袋の中の粘液が脳のまわりに漏れるとその炎症により強い頭痛が生じることがあります。繰り返し頭痛がおこる原因となることがあります。

治療の必要がありますか?

ラトケ嚢胞は視力視野障害があるとき、下垂体ホルモン異常があるときには絶対に手術が必要です。

頭痛のみの場合はこれが頭痛の原因でないこともあるので、手術しても改善するとは限らず、絶対手術が必要とは言えませんが、頭痛の原因となることもあるため繰り返す頭痛がある場合は手術を行うと改善することがあります。

治療の方法は?

手術しかありません。

経鼻的手術を行います。

鼻の穴から手術します。

袋ごと摘出すればもちろん再発はありませんが、嚢胞壁が正常下垂体に強く癒着していることが多く、袋ごと摘出すると下垂体機能障害が生じてホルモン補充療法が必要となります。このため、通常は袋の中身を抜くだけです。

手術時間はおよそ2~3時間です。

経鼻的手術についてはこちら

治療の期間は?

手術までに数日間の検査期間が必要です。手術後退院まではおよそ1週間、全部で10日間ほど入院が必要です。

再発はありませんか?

ラトケ嚢胞は良性の嚢胞ですが再増大しやすいという特徴もあります。多くの場合は嚢胞の粘液を抜くだけで再発しませんが、10~20%の方で再発します。

ただ、再発しても再度手術が必要になる方は10%以下です。

偶然見つかった場合も治療が必要ですか?

偶然見つかったラトケ嚢胞の経過をみていくと、その後大きくなって手術が必要になる方は10%程度(10人に1人くらい)です。

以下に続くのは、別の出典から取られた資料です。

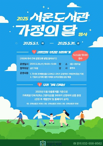 5¿ù ÇÑ ´Þ°£ ÁøÇàµÇ´Â À̹ø Çà»ç´Â ¡ã°¡Á· °£ÀÇ »ç¶ûÀ» µû¶æÇÏ°Ô ±×·Á³½ µµ¼ 40±ÇÀ» ¼±Á¤ÇÏ¿© Àü½ÃÇÑ ºÏÅ¥·¹ÀÌ¼Ç ¡®¿ì´çÅÁÅÁ ¿ì¸® °¡Á·¡¯, ¡ãÇÑ ´Þ°£ ¼¿îµµ¼°üÀÇ °¡Á·È¸¿ø ´Ùµ¶ÀÚ 3°¡Á·À» ¼±Á¤ÇÏ¿© »óǰÀ» ÁõÁ¤ÇÏ´Â ¡®¿ì¸® °¡Á· ´Ùµ¶»ó¡¯ µîÀ¸·Î ¿î¿µµÈ´Ù.

半数の方は袋の大きさが変化しません。袋が消失する方が20%程度、大きくなったり小さくなったりを繰り返す方が20%程度です。ですから、偶然見つかって症状がない場合は経過をみてもかまいません。

ただし、袋が大きくなって症状が出たり、袋が大きくならなくても下垂体ホルモン分泌が悪くなることがあります。また、頭蓋咽頭腫というラトケ嚢胞よりたちの悪い(必ず大きくなって脳を圧迫して命に関わる)腫瘍の初期段階をみている可能性がありますので定期的(6ヵ月~1年毎)な検査が必要です。